Bayley P, Ahlström P, Martin S R, Forsen S
Biochem Biophys Res Commun. 1984 Apr 16;120(1):185-91. doi: 10.1016/0006-291x(84)91431-1.
The rate of calcium dissociation from bovine testis calmodulin was measured by fluorescence stopped-flow using the calcium indicator Quin 2 or the fluorescence probe 8-anilinonaphthalene sulphonate. Two processes are resolved with Quin 2 corresponding to dissociation from the high affinity sites (kdiss 2 to 9 s-1 for T = 11 to 28 degrees C) and from the low affinity sites (kdiss 293 to 550 s-1 for T = 11 to 19 degrees C).
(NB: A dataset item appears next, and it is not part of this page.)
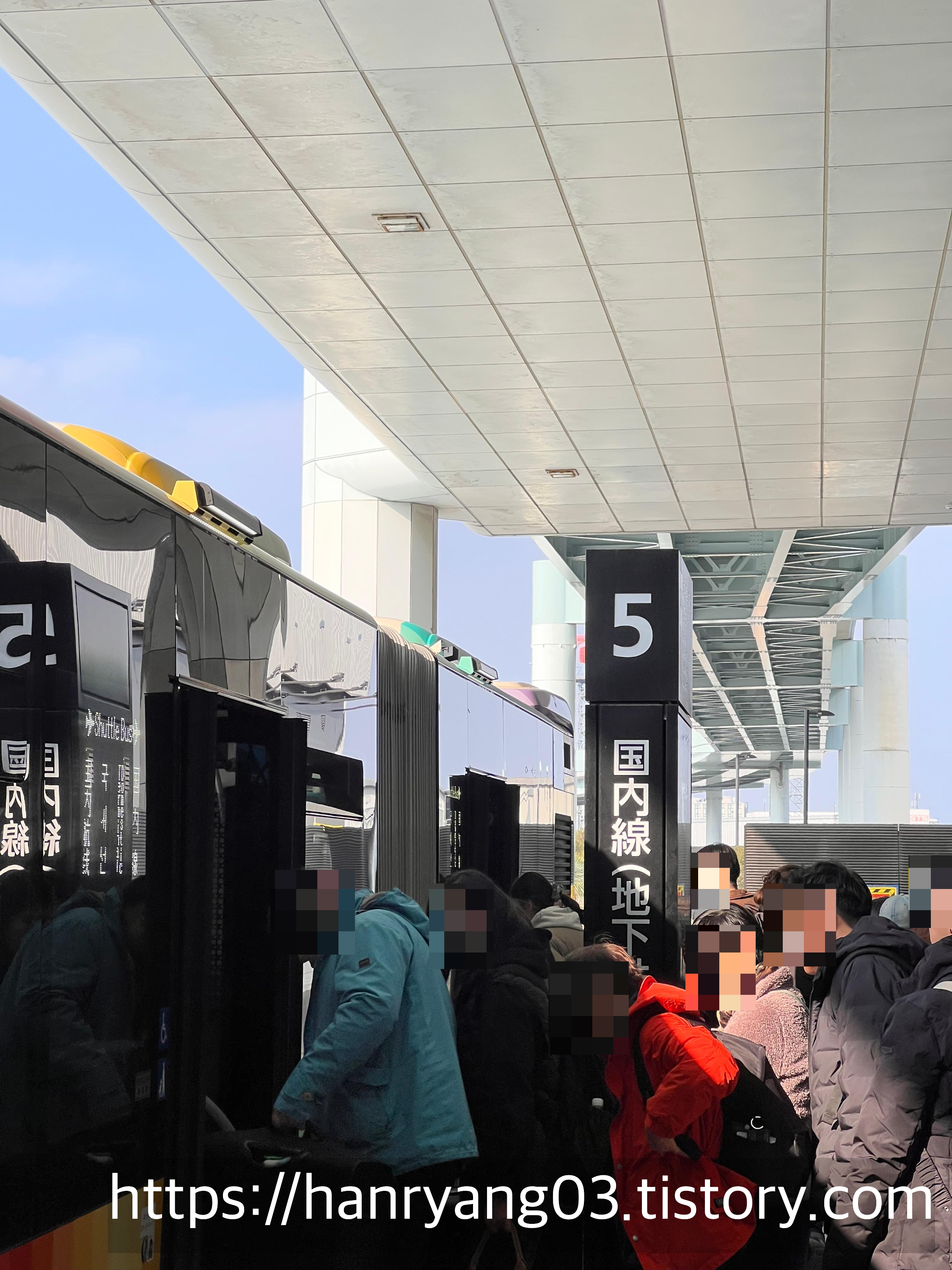 버스 타는 곳 5번을 향해 나가면 국내선 터미널로 가는 무료 셔틀버스를 이용할 수 있다.

These rates and the activation parameters as determined for the slow process delta H not equal to = 59 +/- 10 kJ X mol-1 and delta S not equal to = 30 +/- 30 JK-1 X mol-1 are in good agreement with values determined from the 43Ca NMR exchange rates. These experiments provide confirmation that the calcium induced conformational change cannot be resolved kinetically from the calcium binding or dissociation, and by inference this conformational change is not a rate-limiting process in the function of calmodulin.
使用钙指示剂喹啉-2(Quin 2)或荧光探针8-苯胺基萘磺酸盐,通过荧光停流法测定了牛睾丸钙调蛋白中钙的解离速率。用喹啉-2分辨出两个过程,分别对应于从高亲和力位点的解离(在11至28℃时,解离常数kdiss为2至9 s-1)和从低亲和力位点的解离(在11至19℃时,kdiss为293至550 s-1)。这些速率以及为慢过程确定的活化参数,即焓变ΔH≠ = 59±10 kJ·mol-1和熵变ΔS≠ = 30±30 J·K-1·mol-1,与从43Ca NMR交换速率确定的值高度一致。这些实验证实,钙诱导的构象变化在动力学上无法与钙的结合或解离区分开来,由此推断,这种构象变化在钙调蛋白的功能中不是一个限速过程。